Aside from the reference to Bahamut’s D&D lore, this card also reminds me of the way lots of martial arts movies have a small, unassuming (often older) guy who is actually an uber-black belt and beats up multiple opponents in flowing, acrobatic style. Except since it’s Bahamut, that guy is also a dragon god, and since we’re in Magic, that Keanu Reeves-style “bring it on” gesture in the art is also “please tell me you don’t have Settle the Wreckage”.
It takes him a good number of turns to get to the point where he’s ready to go into Ip Man mode, but that’s not too bad when his abilities can potentially slow down attacks a lot and/or get him a lot of defenders. But just using the Monk of the Open Hand cards to block seems a little unimaginative to me. Note, for example, that Bahamut can return them from your graveyard to your hand as well, which means that the monks essentially can’t die (barring Tormod’s Cryptkeeper and the like). Does that sound like the kind of effect aggressive and midrange white decks always want, but don’t always get? It does to me.
As a general flavor note, the five planeswalkers in Adventures in the Forgotten Realms do not represent actual planeswalkers joining Magic lore, but characters whose abilities seemed best represented with the card type. Of course, they could change this if the characters are a hit, I suppose, and it might be fun to see Bahamut frolicking about on Ravnica or Amonkhet.
Speaking of Bahamut, here he is. Grand Master of Flowers is a reference to Bahamut’s tendency to stay “hidden” as a Perfectly Ordinary Human, only to turn into a dragon when it’s called for. Here, the trigger is 7 loyalty, and instead of a conventional ultimate, Grand Master of Flowers becomes a majestic dragon with great, big, long wings. And indestructible. While still retaining the ability to use his other loyalty abilities, but losing the ability to be attacked. (Ah, rules.)

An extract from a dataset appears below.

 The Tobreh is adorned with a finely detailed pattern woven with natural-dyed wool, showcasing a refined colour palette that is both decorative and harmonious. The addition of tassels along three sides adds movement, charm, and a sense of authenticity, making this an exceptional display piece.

Getting to 7 loyalty might take a bit. He does have two +1 abilities; one of them stops a creature from being able to attack him (or block), while the other tutors out a one-mana bodyguard who can grow by casting spells. Outside of proliferate or Doubling Season, there’s no “fast” way to get Grand Master of Flowers into his draconic majesty, so he needs to be protected for that long.

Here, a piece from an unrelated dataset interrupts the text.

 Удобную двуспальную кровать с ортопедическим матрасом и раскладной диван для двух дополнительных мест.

Given what you get, is it worth it? Maybe. I think Grand Master of Flowers slots into very particular decks; he’s a very specific puzzle to be solved, a ticking time bomb that can blow up hilariously if he has room to do his thing. But he does need to be protected beyond what he himself offers, and he’s not universally powerful. Still one of the set’s most oddly intriguing cards, and one I’m wanting to try and make work myself.